Event attendees enjoyed an exciting day on the course while savoring delicious food and drinks from our sponsors. While it was amazing to see our community in full swing, the best part of the event was seeing the incredible support of everyone towards our cause.

We hope everyone who attended had a fun time supporting our cause for improving Sagepoint’s Assisted Living and Memory Care programs. Thanks to your help, we are well on our way to our goal of growing awareness of dementia and the effects it has on the person, the family and the community as a whole. We look forward to proceeding with our plans to expand community outreach efforts to develop caregiver support and training programs for those who care for loved ones with dementia and other long-term cognitive illnesses.

Qualified Charitable Distributions for Your Philanthropic Goals


It’s the time of year for giving and with our end-of-year campaign, Caring Hearts, we have the perfect opportunity for you to contribute to a cause that supports our seniors. With your contributions, we’ll raise funds to help Sagepoint Senior Living Services grow awareness of dementia and the effects it has on the person, the family and the community as a whole. To achieve this goals, we will expand community outreach efforts through caregiver support and training programs for those who care for loved ones with dementia and other long-term cognitive illnesses.

Whether you have a loved one who lives with dementia or you know someone whose life has been touched by this illness, there are many reasons to support this worthy cause. But, did you know that there are tax incentives that make charitable giving easier than ever?

With tax-free charitable giving from an IRA, seniors age 70½ or older can make tax-free charitable donations from IRAs that count toward satisfying required minimum distribution and reduce taxable income. Read more about Qualified Charitable Distribution below as you consider your end-of-year donations.

What is a Qualified Charitable Distribution (QCD)?
A QCD is a tax-free charitable distribution of funds directly from the IRA trustee (custodian) of an eligible IRA account payable to a qualified charitable organization that can receive a tax-deductible contribution. A tax-free QCD is defined in IRS Publication 17 – Your Federal Income Tax for Individuals on page 126.

Normal distribution from an IRA of deductible contributions and earning is included in income and taxed as ordinary income.

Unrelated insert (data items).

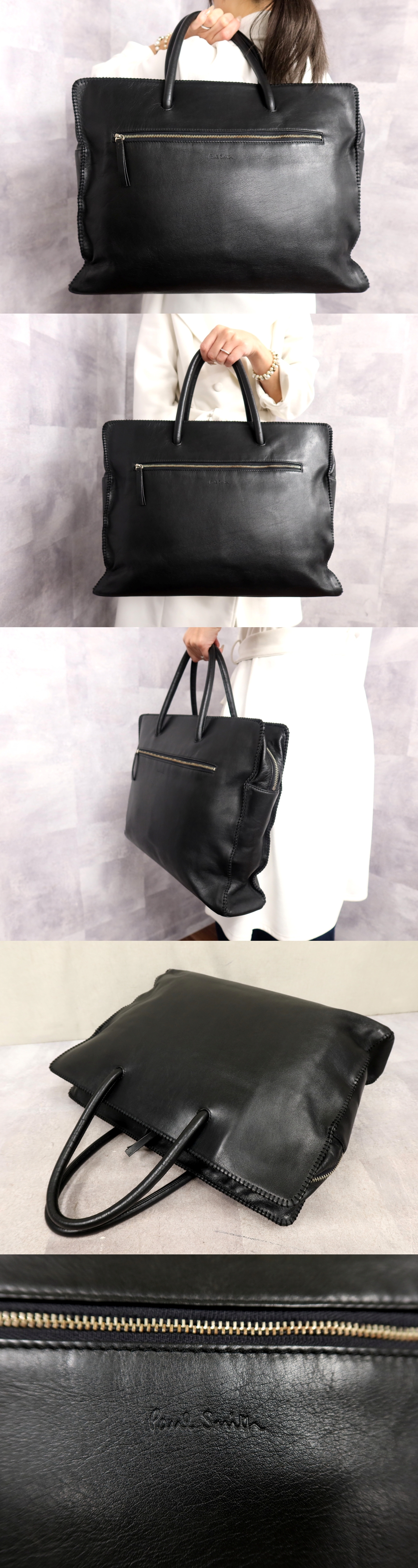 超美品●Paul smith ポール・スミス●メンズ●ロゴ型押し●カーフ レザー 本革●ブリーフケース●黒●シルバー金具●A4 ビジネス●Js63687 收藏
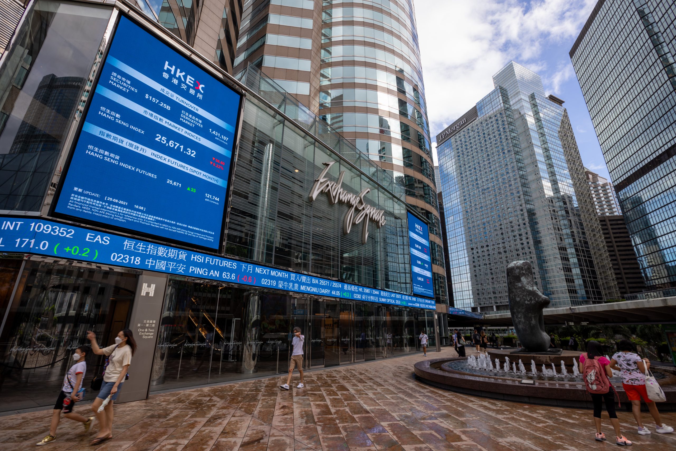 Image: Hong Kong - August 25, 2021 : People walk past the Exchange Square complex, which houses the Hong Kong Stock Exchange (HKEX) in Central, Hong Kong.
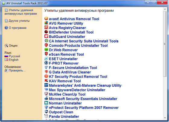 Antivirus Uninstall Tools Pack - это бесплатный пакет утилит, предназначенных для удаления различных антивирусных программ. В него входят утилиты для удаления более 30 антивирусных и антишпионских программ, а также сетевых экранов.
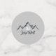 Monographie personnalisée de la chaîne de montagnes tracée en ligne. Montagnes dessinées vectorielles en bleu gris avec un monogramme personnalisable et votre nom. Grand cadeau de quelqu'un qui aime les montagnes.
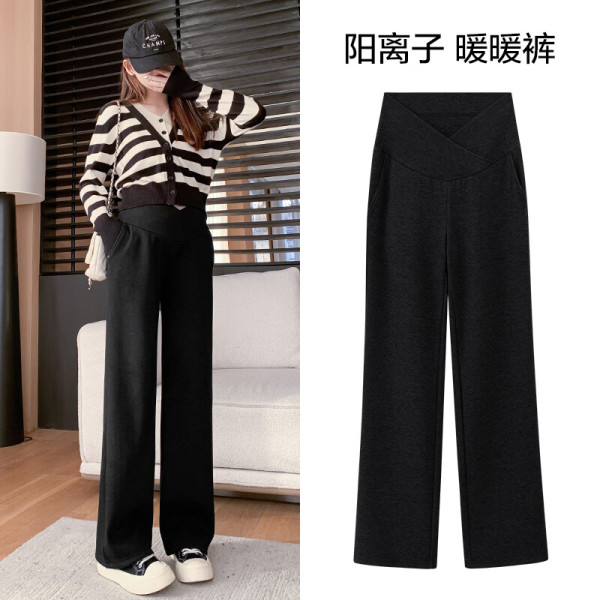 米度丽 孕妇裤冬季外穿阔腿裤加绒无托腹直筒休闲裤孕妇装冬装 深花灰L
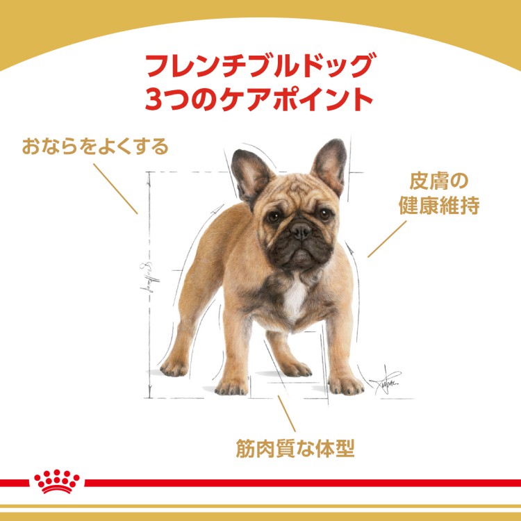 ※お一人様1個まで 【健康的な筋肉を維持】<フレンチブルドッグ 成犬〜高齢犬用>は適切なタンパク質(26%)を配合し、フレンチブルドッグの健康的な筋肉を維持します。L-カルニチン配合。 【健康的な皮膚を維持】独自のバランスで配合されたEPA・DHAなどの栄養素が健康を維持することで皮膚のバリア機能をサポートします。 【便の量と臭いを軽減】超高消化性タンパク(L.I.P.)を使用することで消化率を高め、健康的な消化を維持し、便の量と臭いを軽減します。 消化率90%以上の超高消化性タンパク (ロイヤルカナン調べ) ■内容量:3kg×4 ■原材料:米、小麦、動物性油脂、豚タンパク(消化率90%以上)、超高消化性植物性タンパク(消化率90%以上)、肉類(鶏、七面鳥)、加水分解タンパク(鶏、七面鳥)、ビートパルプ、魚油(オメガ3系不飽和脂肪酸〔EPA+DHA〕源)、大豆油、フラクトオリゴ糖、グルコサミン、マリーゴールド(ルテイン源)、加水分解軟骨(コンドロイチン硫酸源)、アミノ酸類(L-チロシン、タウリン、L-リジン、DL-メチオニン、L-カルニチン)、ゼオライト、ポリリン酸ナトリウム、ミネラル類 (Cl、Ca、K、Na、P、Mg、Zn、Mn、Fe、Cu、I、Se)、ビタミン類 (コリン、E、ナイアシン、C、パントテン酸カルシウム、B6、B2、B1、葉酸、A、ビオチン、B12、D3)、保存料(ソルビン酸カリウム)、酸化防止剤(ミックストコフェロール、ローズマリーエキス) ■保証分析値:たんぱく質:24%以上、脂質:16%以上、粗繊維:2.3%以下、灰分:6.5%以下、水分:10.5%以下、食物繊維:6.8 % ビタミン(1kg中) A32,000 IU D3800 IU E610 mg C310 mg ■原産国:フランス ■対象:フレンチブルドッグ 成犬〜高齢犬用 (生後12ヵ月齢以上) ■エネルギー:404 kcal/100g ■給与表 成犬時体重 運動しない 運動する 良く運動する (g) (カップ) (g) (カップ) (g) (カップ) 8 kg 112 g 1+5/8 130 g 1+7/8 147 g 2+1/8 9 kg 122 g 1+6/8 142 g 2 161 g 2+2/8 10 kg 132 g 1+7/8 153 g 2+1/8 174 g 2+4/8 11 kg 142 g 2 164 g 2+3/8 187 g 2+5/8 12 kg 152 g 2+1/8 176 g 2+4/8 200 g 2+7/8 14 kg 170 g 2+3/8 197 g 2+7/8 224 g 3+2/8 1カップの目安 200ml=70g ※ここに表示されている給与量は使用開始時の目安です。個体差や活動量に応じて表を参考に、1日の給与量を1〜数回に分けて与えてください。※新鮮な水をいつでも飲めるようにしてあげてください。※急いで食べてしまう傾向のある愛犬に対しては、のどにつまらせないように注意してください。 [ブランド別][R][ROYAL CANIN(ロイヤルカナン)][JAN: 3182550811637]

The tax-free QCD removes the distribution from taxable income. QCDs are recorded on Form 1040, U.S. Individual Tax Return 2018 – the sum total QCD distribution is included on line 4 a – IRA distribution, and the abbreviation ‘QCD’ is written on line 4 b – taxable amount.

Who is Eligible to Make a tax-free QCD?
IRA account owners and beneficiaries age 70 ½ or older on the date the tax-free QCD is made to one or more qualified charitable organizations.
Taxpayers who now claim the standard deduction can still make tax-free QCDs.

What type of IRA accounts are eligible for a QCD?
Traditional IRA, Rollover IRA, Inherited IRA accounts and non-active SEP and Simple IRA accounts are eligible for a tax free QCD. Active SEP or Simple IRA account currently receiving employee or employer contributions is not eligible.

Roth IRA accounts are eligible but a tax-free QCD will not lower income tax because distributions from Roth IRAs are already tax-free and not included in income.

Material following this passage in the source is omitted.